The following is from Editor and Publisher:

 
New Orleans had long known it was highly vulnerable to flooding and a direct hit from a hurricane. In fact, the federal government has been working with state and local officials in the region since the late 1960s on major hurricane and flood relief efforts. When flooding from a massive rainstorm in May 1995 killed six people, Congress authorized the Southeast Louisiana Urban Flood Control Project, or SELA.

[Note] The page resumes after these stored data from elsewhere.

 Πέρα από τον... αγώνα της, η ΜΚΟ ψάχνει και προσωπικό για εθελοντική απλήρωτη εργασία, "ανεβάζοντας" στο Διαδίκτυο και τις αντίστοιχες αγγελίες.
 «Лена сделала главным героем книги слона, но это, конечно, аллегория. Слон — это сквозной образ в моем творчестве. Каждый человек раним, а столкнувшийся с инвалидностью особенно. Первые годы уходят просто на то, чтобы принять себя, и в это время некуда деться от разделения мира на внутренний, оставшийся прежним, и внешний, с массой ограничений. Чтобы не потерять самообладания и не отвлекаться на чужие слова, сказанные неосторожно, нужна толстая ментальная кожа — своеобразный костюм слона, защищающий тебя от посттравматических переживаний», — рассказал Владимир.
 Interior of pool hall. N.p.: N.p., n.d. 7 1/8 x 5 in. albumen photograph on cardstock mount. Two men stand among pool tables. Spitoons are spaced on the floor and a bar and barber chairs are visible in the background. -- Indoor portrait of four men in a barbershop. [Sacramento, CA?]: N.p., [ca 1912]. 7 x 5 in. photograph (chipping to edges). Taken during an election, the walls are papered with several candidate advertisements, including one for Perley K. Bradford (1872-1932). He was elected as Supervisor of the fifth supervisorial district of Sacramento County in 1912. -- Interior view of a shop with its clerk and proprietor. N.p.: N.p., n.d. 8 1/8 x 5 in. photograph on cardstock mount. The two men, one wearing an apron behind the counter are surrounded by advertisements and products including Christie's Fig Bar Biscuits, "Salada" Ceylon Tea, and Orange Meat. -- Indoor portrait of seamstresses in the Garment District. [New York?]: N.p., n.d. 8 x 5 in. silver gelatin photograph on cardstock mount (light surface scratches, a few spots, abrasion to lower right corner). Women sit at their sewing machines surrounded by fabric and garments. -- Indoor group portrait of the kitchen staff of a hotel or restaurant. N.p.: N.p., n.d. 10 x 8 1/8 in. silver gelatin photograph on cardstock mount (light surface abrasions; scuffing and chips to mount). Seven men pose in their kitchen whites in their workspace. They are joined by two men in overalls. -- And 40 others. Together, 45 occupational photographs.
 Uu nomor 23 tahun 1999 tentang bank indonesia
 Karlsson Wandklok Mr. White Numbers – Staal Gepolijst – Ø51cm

Over the next 10 years, the Army Corps of Engineers, tasked with carrying out SELA, spent $430 million on shoring up levees and building pumping stations, with $50 million in local aid. But at least $250 million in crucial projects remained, even as hurricane activity in the Atlantic Basin increased dramatically and the levees surrounding New Orleans continued to subside

Yet after 2003, the flow of federal dollars toward SELA dropped to a trickle. The Corps never tried to hide the fact that the spending pressures of the war in Iraq, as well as homeland security -- coming at the same time as federal tax cuts -- was the reason for the strain. At least nine articles in the Times-Picayune from 2004 and 2005 specifically cite the cost of Iraq as a reason for the lack of hurricane- and flood-control dollars.
[...]
The 2004 hurricane season was the worst in decades. In spite of that, the federal government came back this spring with the steepest reduction in hurricane and flood-control funding for New Orleans in history. Because of the proposed cuts, the Corps office there imposed a hiring freeze. Officials said that money targeted for the SELA project -- $10.4 million, down from $36.5 million -- was not enough to start any new jobs.
There was, at the same time, a growing recognition that more research was needed to see what New Orleans must do to protect itself from a Category 4 or 5 hurricane. But once again, the money was not there.
 


Hunter at Daily Kos comments thusly:

 
A lot of people are going to huff and bluster about making this disaster a political issue. Put bluntly, however, what government does and does not choose to spend money on for the essential safety of its citizens is a political issue, and a very basic one at that. The administration willfully reduced the budget for the protective levees around New Orleans to a level where even maintaining the current levee height was impossible, in order to shift that Corps money into Iraq. I'd say that's a political big deal.

Pouring guns and gold into Iraq while ignoring basic aspects of America's own domestic safety was a risk that the Bush administration was willing to take. Now the neo-cons of the administration and their tubthumping supporters have a vivid demonstration of why pumping money into Iraq combined with deficit-causing tax cuts combined with cutting basic domestic safety programs has results a bit more sanguinary than the careful spreadsheets of either Karl Rove or Grover Norquist might convey.